> **Exercise**: Nothing except the pictures should be left out when you reproduce the listing exactly.

> **Input data**:
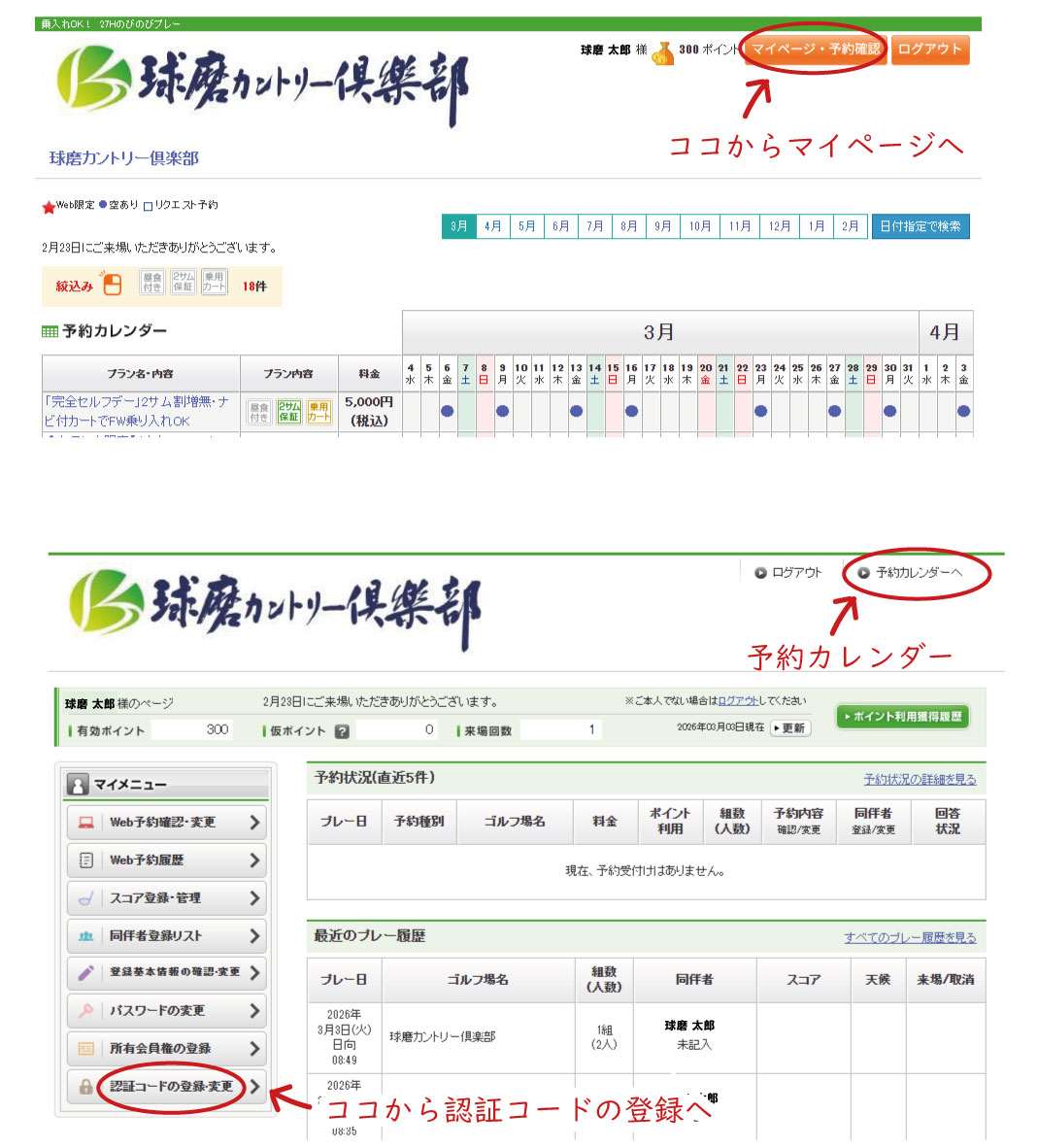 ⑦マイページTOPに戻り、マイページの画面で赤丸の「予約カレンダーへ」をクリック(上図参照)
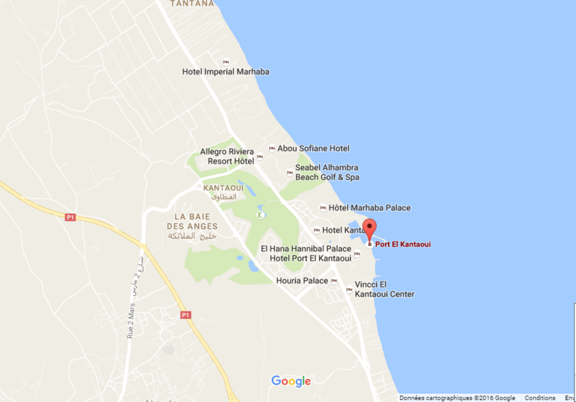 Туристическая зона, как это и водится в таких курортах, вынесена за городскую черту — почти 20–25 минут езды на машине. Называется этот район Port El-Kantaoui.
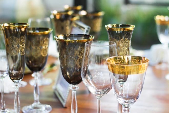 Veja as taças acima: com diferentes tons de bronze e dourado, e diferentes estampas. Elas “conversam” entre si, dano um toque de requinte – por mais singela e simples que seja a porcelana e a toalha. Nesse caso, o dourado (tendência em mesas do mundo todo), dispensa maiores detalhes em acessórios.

> **Exercise response**:
 ⑦マイページTOPに戻り、マイページの画面で赤丸の「予約カレンダーへ」をクリック(上図参照)
 Туристическая зона, как это и водится в таких курортах, вынесена за городскую черту — почти 20–25 минут езды на машине. Называется этот район Port El-Kantaoui.
 Veja as taças acima: com diferentes tons de bronze e dourado, e diferentes estampas. Elas “conversam” entre si, dano um toque de requinte – por mais singela e simples que seja a porcelana e a toalha. Nesse caso, o dourado (tendência em mesas do mundo todo), dispensa maiores detalhes em acessórios.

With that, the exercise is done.